Fine, don't answer me.

[studiot]

 

Fine, don't answer me.

 

 

Pardon?

 

The units of viscosity are fairy easy to look up on the internet eg this pdf

 

http://www.hydramotion.com/pdf/Website_Viscosity_Units_V2.pdf

 

You should be using the SI units.

 

You will note that they have quoted two types of viscosity.

 

Dynamic viscosity, which is the one I have given you as f

 

Formulae in fluid dynamics are so often divided by the density that a second form of viscosity is often given called the

 

Kinematic viscosity, which is simply the dynamic viscosity divided by the density.

[math]h = \frac{f}{p}[/math]

 

 

This has SI units of metres squared per second or m² s^-1.

 

To see how the units of dynamic viscosity are derived we use Newton's law of viscosity which says that the shear stress in a fluid is proportional to the velocity gradient.

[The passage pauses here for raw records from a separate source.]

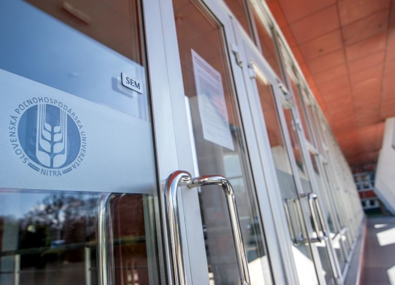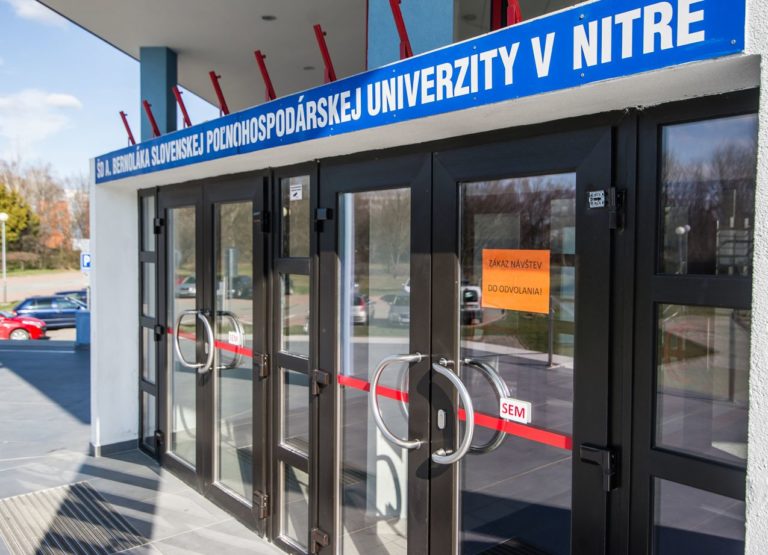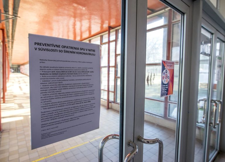 Oznam na dverách Slovenskej poľnohospodárskej univerzity (SPU) v Nitre, ktorá je v súvislosti s výskytom nového koronavírusu (2019-nCoV) na Slovensku dočasne zatvorená. Nitra, 10. marec 2020. Foto: SITA/Martin Havran
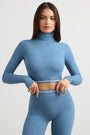 • Backless Turtleneck Long-Sleeve Crop Top in Steel Blue
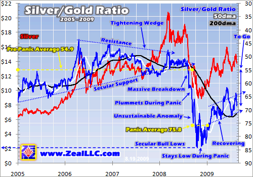 This SGR reversion’s potential silver impact is easiest to understand if we start in the normal years preceding last autumn’s crazy stock panic. This first chart compares silver with gold over the last 5 years or so. The 44 months between January 2005 and August 2008 are the control period, showing silver’s natural and normal behavior. And the 4 months between September to December 2008 encompass the panic period where the SGR anomaly erupted.
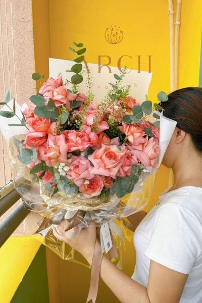 - Bó hoa tông cam đơn giản gồm hoa hồng sim màu cam, hoa ren trắng kết hợp cùng lá đola trên rực rỡ và trẻ trung sang trọng,thích hợp cho những cô nàng cá tính.
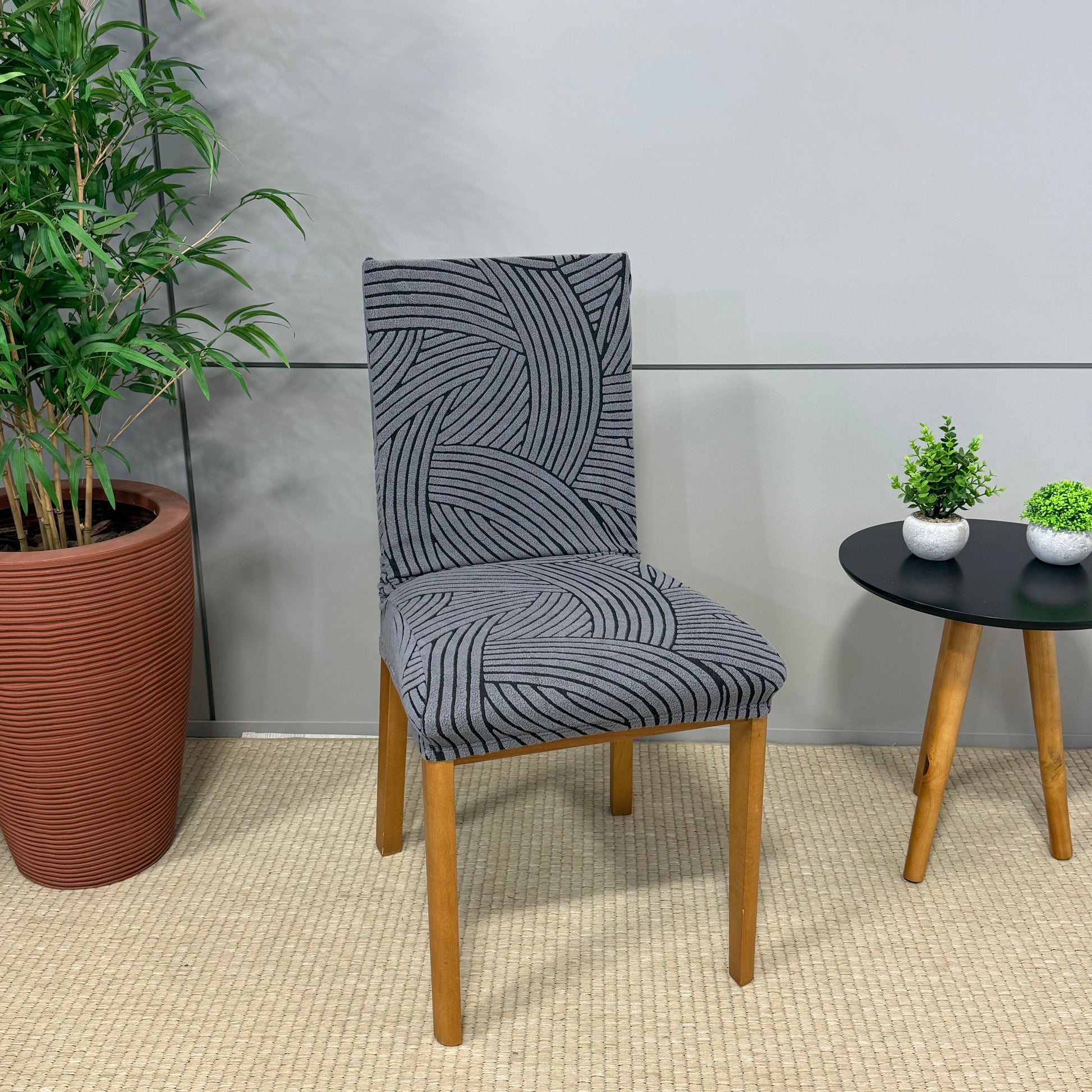 Capa de Cadeira Alto Relevo Linhas Onduladas- Cinza Escuro
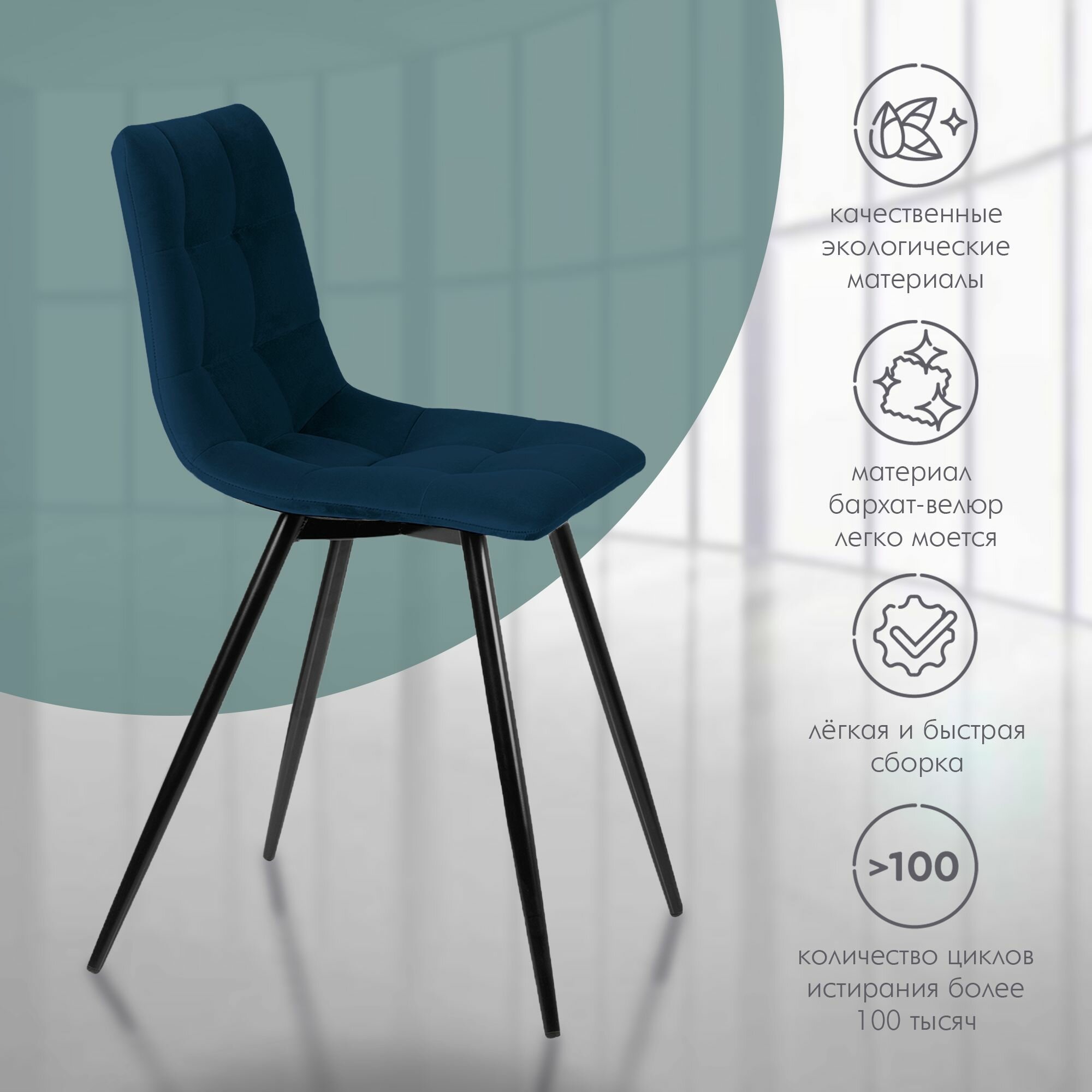 Стул для кухни Pixel, мягкий, велюр, синий 1шт 6 660 ₽

[math]Shearstress = \frac{{Force}}{{Area}} \propto velocitygradient = f\frac{{dv}}{{dz}}[/math]

 

Where the dynamic viscosity, f, is the constant of proportionality

 

 

[math]f = \frac{F}{{A\frac{{dv}}{{dz}}}}[/math]

 

If you are familiar with the following it is called dimensional analysis. we can represent a formula by inserting M for mass, L for length and T for time as the basis of mechanical units

 

[math]\frac{{ML{T^{ - 2}}}}{{{L^2}L\frac{{{T^{ - 1}}}}{L}}} = M{L^{ - 1}}{T^{ - 1}}[/math]

 

So the units work out to mass divided by (length x time) or

 

kg m^-1 s^-1

 

However this is normally expressed in as Newton seconds per metre squared, (N-s m^-1) which is equivalent (you should check this for yourself).

 

Edited February 26, 2014 by studiot